Without federal funding, TFA would be unable to hire the more than 1,350 teachers who would teach 86,000 students in the coming school year. This scenario severely limits opportunities for recent graduates at the University and other schools to make a difference in our public schools.
The proposed federal funding cuts come at a critical time for TFA’s expansion. For the last several months, TFA representatives have been meeting with Detroit’s top leaders and charter schools in hopes of bringing at least 50 corps members to Detroit schools by next fall. Without secure federal funding, TFA faces yet another hurdle in this planned expansion into Detroit. It would be disheartening to see another year go by without TFA corps members in Detroit, further delaying the opportunity for University students to give back to the state of Michigan.
The need for TFA corps members in Detroit could not be more real. The average ACT score for a student in Detroit Public Schools is a 16, with a graduation rate under 50 percent. This reality is not confined to Detroit. Nationally, more than 14 million children living in low-income communities are performing below grade level on standardized tests, and are falling further behind their more affluent peers each year. Fifty percent of students in low-income communities will not graduate from high school by the time they are 18 years old. Those who do graduate on time perform, on average, at an eighth-grade level. We need programs like TFA to increase educational opportunity in our public schools.
With an annual $50 million appropriation from Congress, TFA would be able to double in size over the next five years. At this scale, the organization would be able to provide nearly 17,000 corps member positions each year and reach more than one million underserved students in nearly all 50 states.

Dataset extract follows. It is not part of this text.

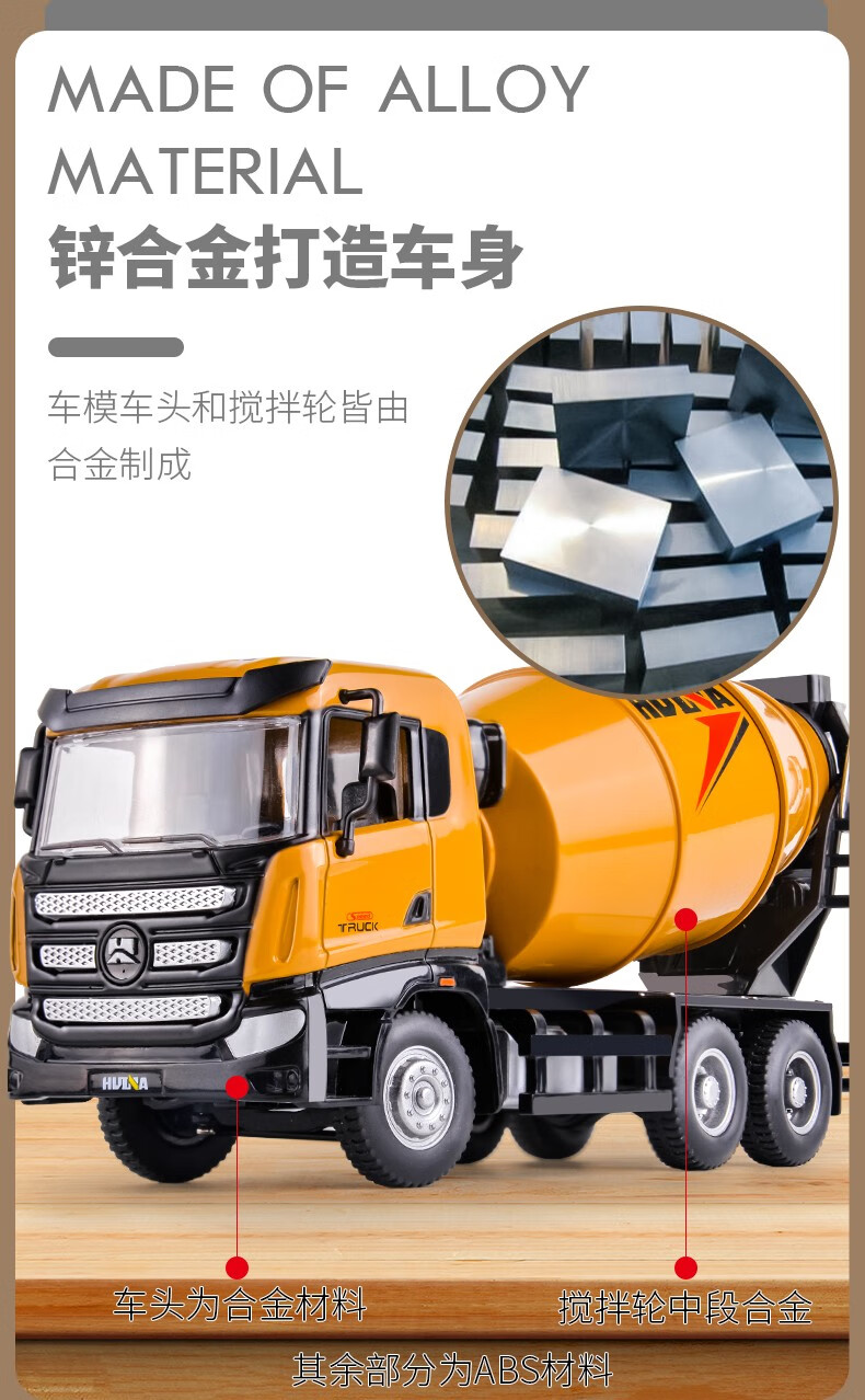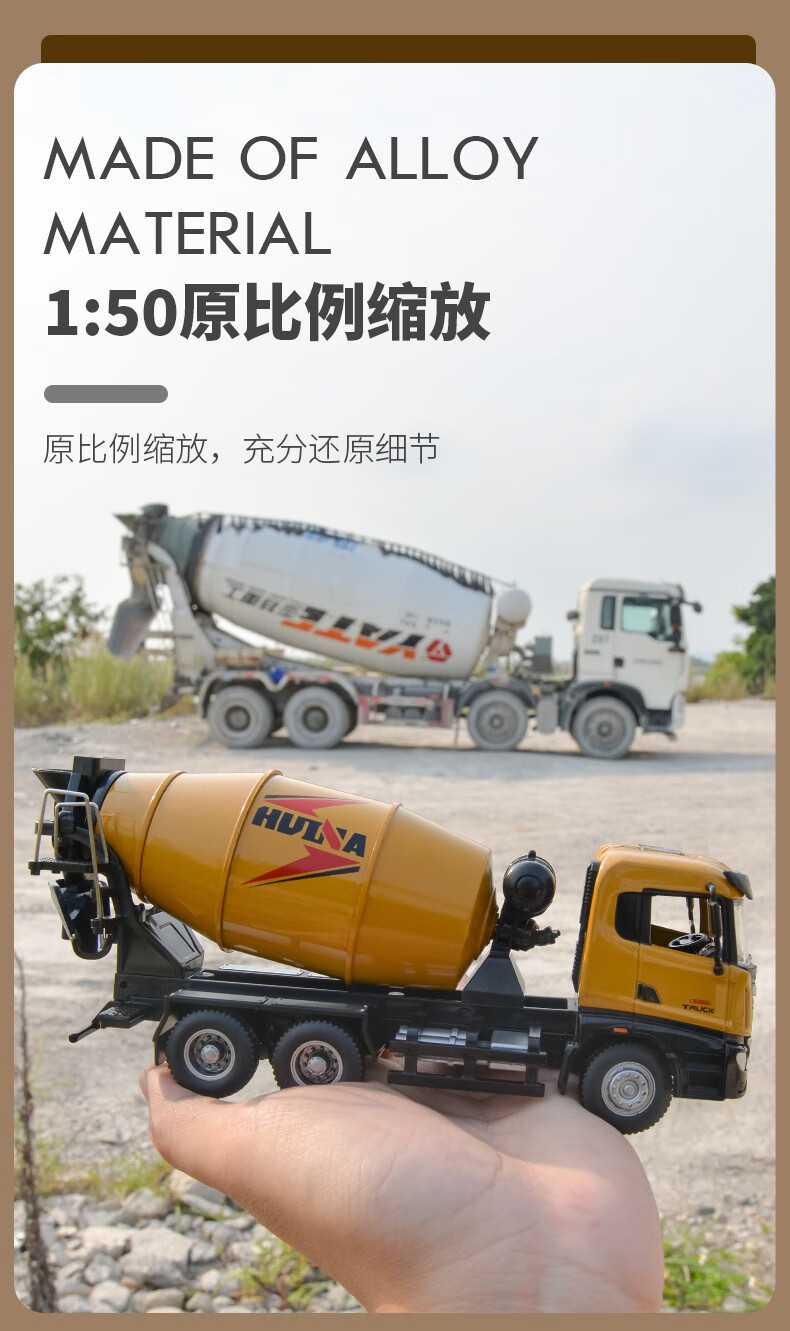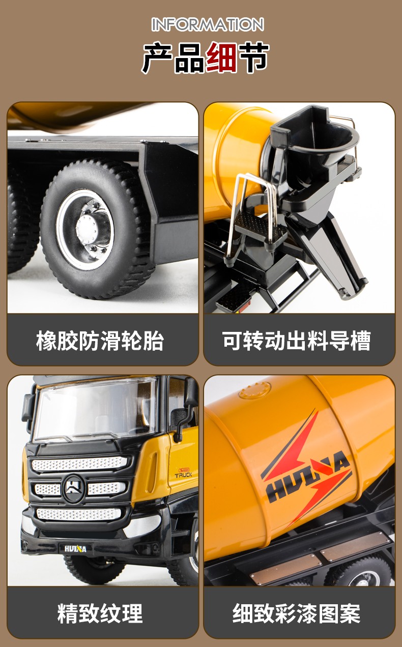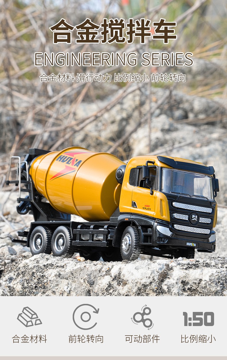 Huina model alloy car model static concrete mixer truck model dump truck 1 50 model ornament collection boy gift 1 50 alloy dump truck model 7718-1

And by 2016, TFA will have more than 50,000 alumni who will create a powerful leadership force for meaningful and bold education reform.
As college students, we can make our voices heard to Congress on today’s most urgent civil rights issue: education. As students at the University we have so much at stake. A smaller TFA corps will mean fewer jobs for University graduates, and school districts just 30 minutes away will continue to struggle to succeed in the face of the achievement gap. I hope you’ll join me in a grassroots campaign to call and write U.S. Senators Carl Levin and Debbie Stabenow to urge them to support federal funding for TFA.
Dana Cronyn is an LSA senior and a campus campaign coordinator for Teach For America.